Serious nostalgia alert: Remember the time the Consumer Product Safety Commission murdered a bunch of mannequins in cold blood on the National Mall? The year was 1996. Cell phones couldn't play fruit-related mobile games yet. And government wasn't afraid to show you all the ways fireworks could kill you in the bestest possible fashion. It was even
on C-SPAN!
The Washington Post has some lovely clips. We really don't get fun like this anymore. I mean sure, the government is rounding up patriots and putting them in FEMA internment camps, I guess that's something, but there are mannequins out there that have gone unexploded for years.
For those patriots among us still planning a do-it-yourself version of the ol' July shock and awe (we do not have firework stands in my neck of the woods anymore, what with the common side effect of lighting whole hillsides on fire), here are some tips. Do not let government agents sneak up behind you and light your pants on fire. Do not let government agents give your toddlers lit sparklers while yelling "sparkler fight!" If a government agent comes into your home and offers you a nice slice of pie with a lit fuse coming out the top of it, politely decline and head for another room.

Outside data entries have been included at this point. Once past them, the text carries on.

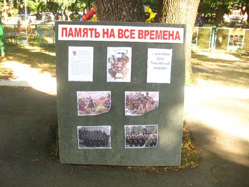 Память на все времена (тематический читальный зал под открытым небом) 29.08.13.Работниками районной детской и Отрадненской межпоселенческой центральной библиотек был организован тематический читальный зал под открытым небом, приуроченный ко дню Российской гвардии. Для всех желающих проводились беседы у одноименного стенда, работники библиотеки рассказывали читателям об истории возникновения и развитии российской гвардии, о том, что достойной преемницей традиций русской гвардии стала советская и нынешняя российская гвардия. В читальном зале была представлена литература и периодика по данной тематике, многие пользователи взяли данную литературу «на руки». Всего читальный зал посетило 26 человек. | |
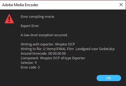 When we try to export FINAL Film Landgoed voor Gedo we can export to H264 or MXF but not to Wraptor DCP.
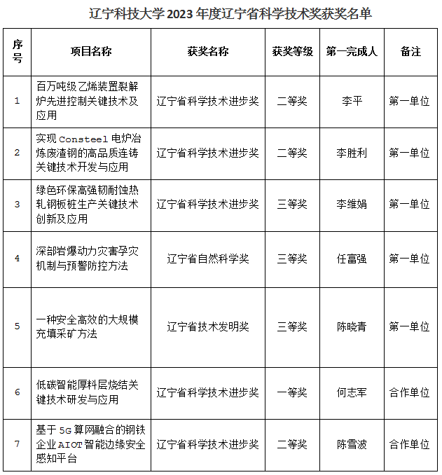 开云(中国)7项成果荣获2023年度辽宁省科学技术奖励
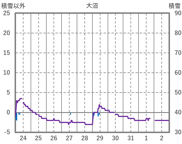 | 日 | 時 | 気温 | 降水 | 風向/風速 | 日照 | 積雪 | 降雪 |

We need more of this. I'm serious. They should do it during those horrific C-SPAN segments where Real Americans call in with their concerns about mood altering drugs in contrails, or Obama's secret plan to import small brown children and something something dictatorship. "We're sorry you had to listen to that, America," the nice host could say afterwards. "To make it up to you, here's the Senate sergeant-at-arms blowing the head off a mannequin with a cherry bomb."
Also, my fellow patriots, please do not blow yourself up this weekend. Keep our taxes low by not having to pay for you to get airlifted to the regional trauma center 10 minutes after saying, "Now watch this one."